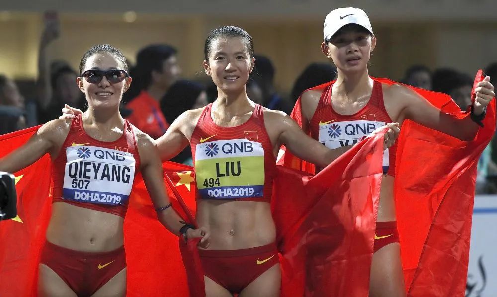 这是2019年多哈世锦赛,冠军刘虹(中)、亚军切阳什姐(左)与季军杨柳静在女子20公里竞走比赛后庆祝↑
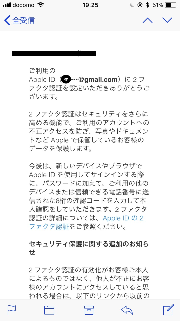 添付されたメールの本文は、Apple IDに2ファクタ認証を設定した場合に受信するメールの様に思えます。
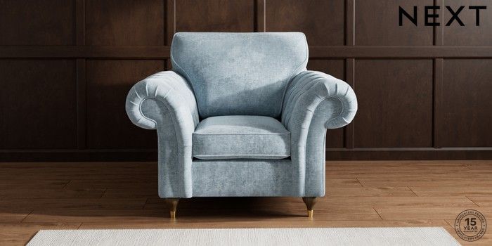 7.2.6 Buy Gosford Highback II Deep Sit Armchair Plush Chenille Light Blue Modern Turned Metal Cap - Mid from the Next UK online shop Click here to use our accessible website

# WHAT THE TASK ASKS
The aim is an exact repeat of the entire listing, stripped of pictures.

# OUTPUT OF THE EXERCISE
 这是2019年多哈世锦赛,冠军刘虹(中)、亚军切阳什姐(左)与季军杨柳静在女子20公里竞走比赛后庆祝↑
 添付されたメールの本文は、Apple IDに2ファクタ認証を設定した場合に受信するメールの様に思えます。
 7.2.6 Buy Gosford Highback II Deep Sit Armchair Plush Chenille Light Blue Modern Turned Metal Cap - Mid from the Next UK online shop Click here to use our accessible website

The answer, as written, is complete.